さらにフロントサスペンションは型式を変更し操縦安定性を向上。ショートホイールベースも踏襲し最小回転半径を3.6mに進化させた。
安全面ではボディ骨格やや高張力鋼板の採用で衝突時のエネルギーを効率よく分散&吸収する骨格構造を実現した。
さらに運転席SRSエアバッグとプリテンショナー&フォースリミッター機構付フロント3点式ELRシートベルト(運転席と助手席)を全車に標準装備とした。もちろん56km/hオフセット衝突にも対応している。
防錆性能としてはキャビン、ドア、荷台などで構成されるアッパーボディの表面全てを防錆鋼板化。フレームの防錆鋼板化を拡大、カチオン電着塗装、中塗り、表面塗りの3層塗装を採用、フロントパネル樹脂化などおこない、「ボディ外板穴あき錆保証5年」、「ボディ外板表面錆保証3年」を全車につけた。

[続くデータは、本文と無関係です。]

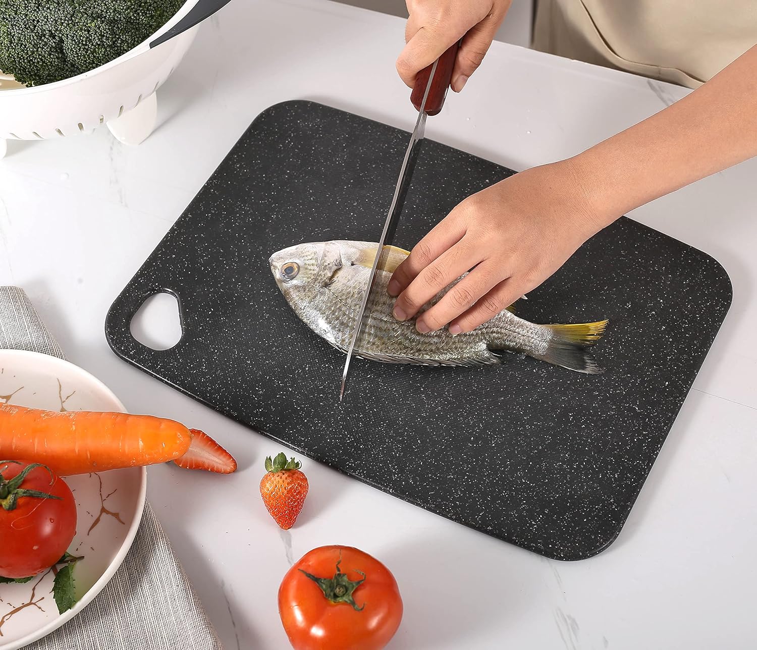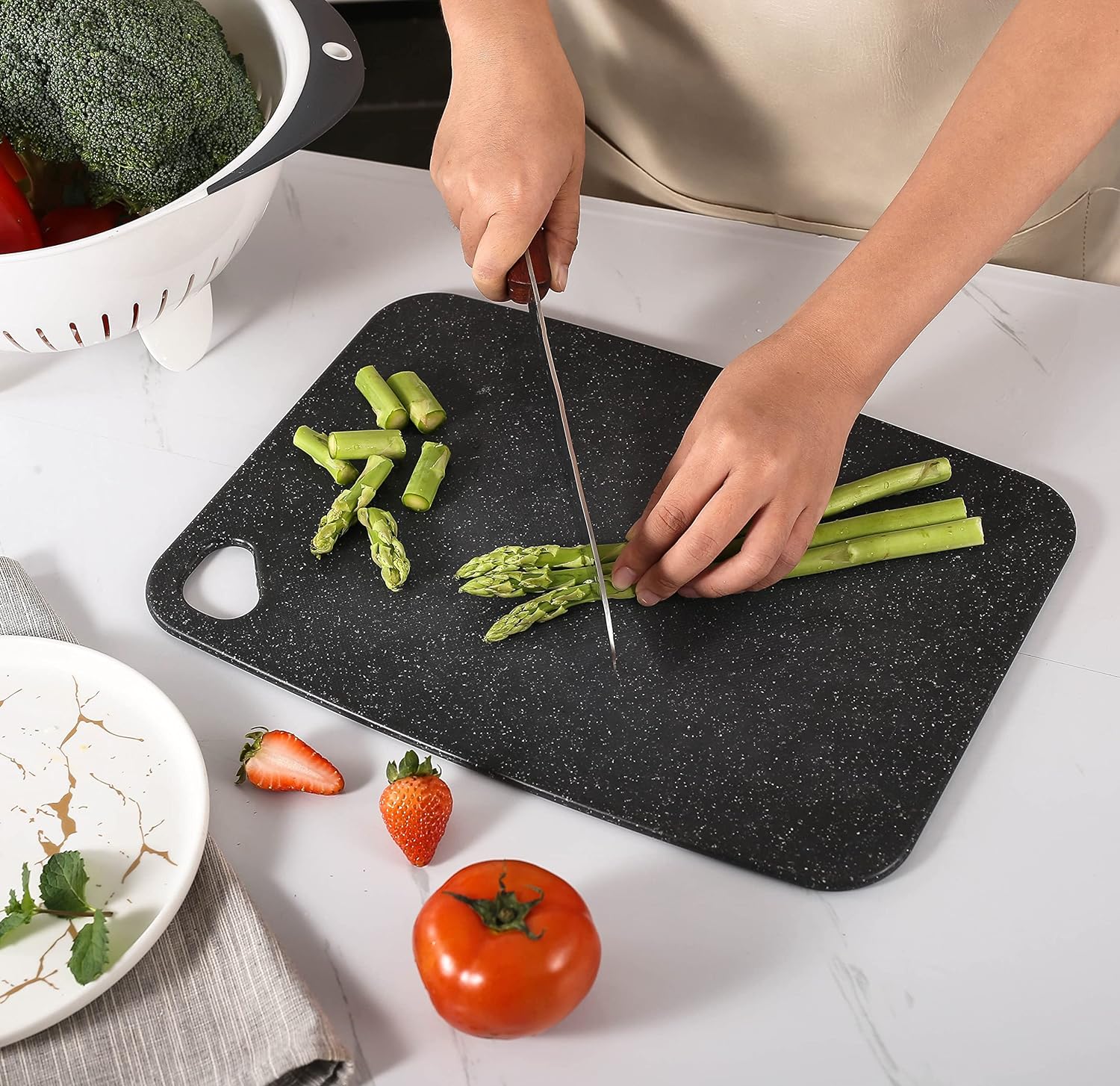 DISHWASHER SAFE & EASY TO CLEAN- The cutting boards is safe to be washed in Dishwasher. It is easy to clean and stain resistant. Once used, you can put them into the dishwasher so you never have to clean again.

そして2代目ではダイハツ同様に軽トラとしては珍しいパックオプションを豊富に設定。
「ビューティーパック」、「農業女子パック」、「スタイリッシュパック」など女性ユースをメインとしたセットパックオプションや、
「荷台パック」、「キャビンパック」、「スタイリッシュパック」、「ストロング防錆パック」など
実用性や快適性、カスタム性をアップさせるオプションなどを選択可能とした。
2代目ピクシストラックとハイゼットトラックとの違い
ピクシストラックとハイゼットトラックとの違いはエンブレム程度で、内外装はハイゼットトラックとまったく同じ。グレード構成もほぼ同じで違いは殆どない。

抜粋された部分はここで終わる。